- _Exercise aim_
Extract the whole listing as it stands. Do not include the pictures.

- _Input data_
··········

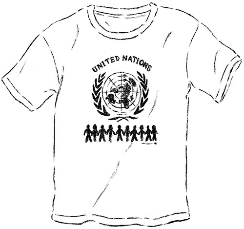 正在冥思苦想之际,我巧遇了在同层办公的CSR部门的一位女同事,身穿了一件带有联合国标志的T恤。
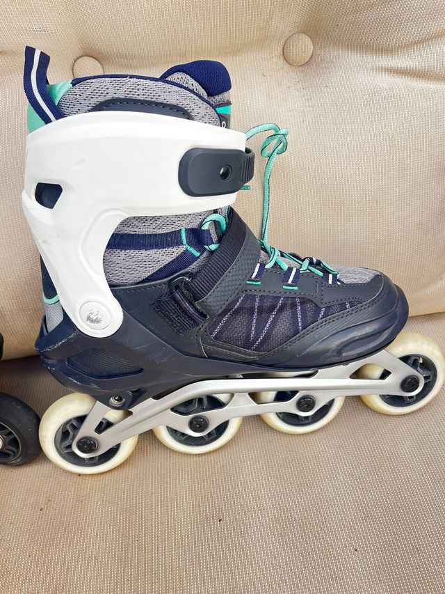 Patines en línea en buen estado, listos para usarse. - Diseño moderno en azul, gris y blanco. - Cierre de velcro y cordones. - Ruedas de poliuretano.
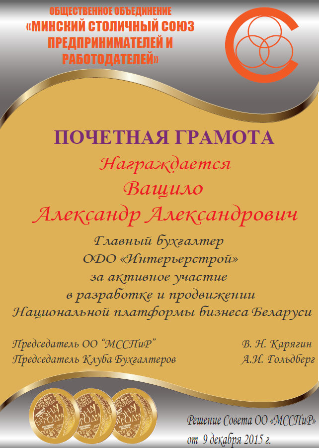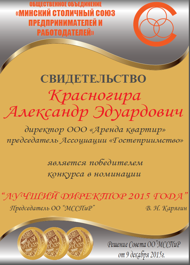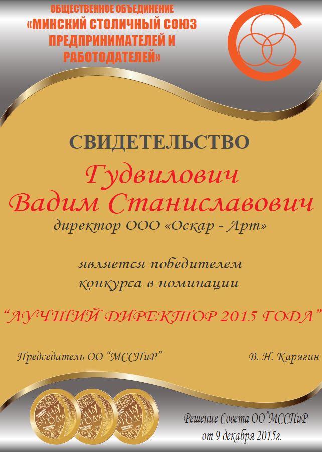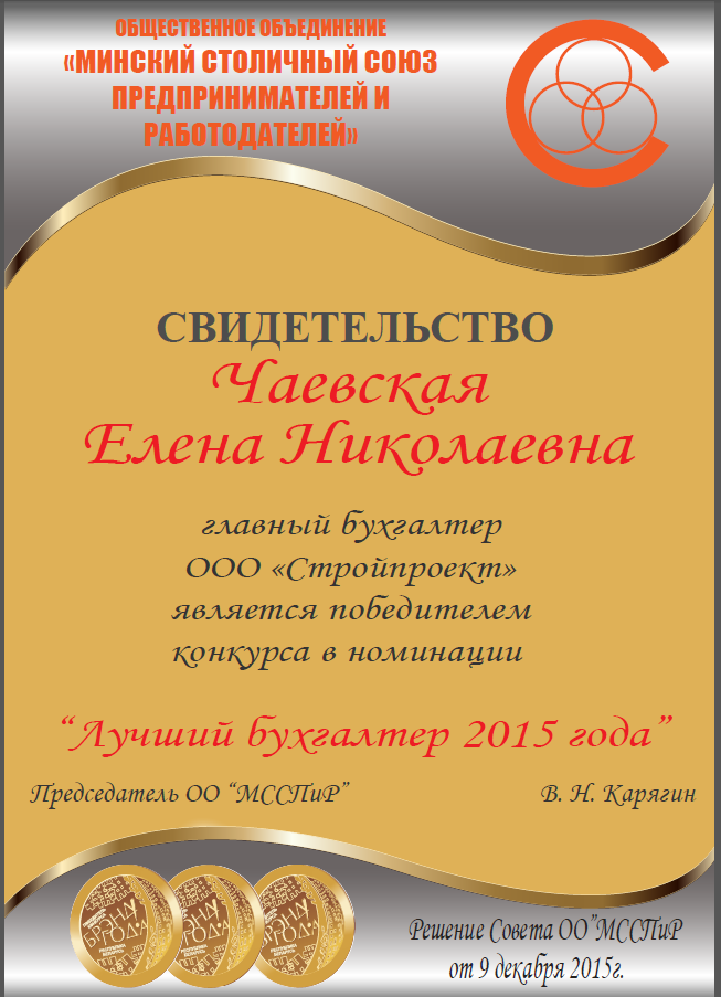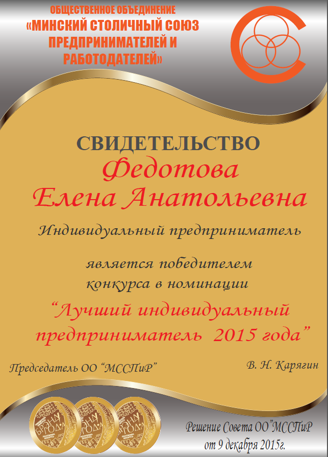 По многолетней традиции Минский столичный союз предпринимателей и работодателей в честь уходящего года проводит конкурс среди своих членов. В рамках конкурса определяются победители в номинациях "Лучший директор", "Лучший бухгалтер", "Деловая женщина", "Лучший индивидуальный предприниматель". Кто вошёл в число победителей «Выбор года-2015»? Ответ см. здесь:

··········

- _Task solution_
 正在冥思苦想之际,我巧遇了在同层办公的CSR部门的一位女同事,身穿了一件带有联合国标志的T恤。
 Patines en línea en buen estado, listos para usarse. - Diseño moderno en azul, gris y blanco. - Cierre de velcro y cordones. - Ruedas de poliuretano.
 По многолетней традиции Минский столичный союз предпринимателей и работодателей в честь уходящего года проводит конкурс среди своих членов. В рамках конкурса определяются победители в номинациях "Лучший директор", "Лучший бухгалтер", "Деловая женщина", "Лучший индивидуальный предприниматель". Кто вошёл в число победителей «Выбор года-2015»? Ответ см. здесь:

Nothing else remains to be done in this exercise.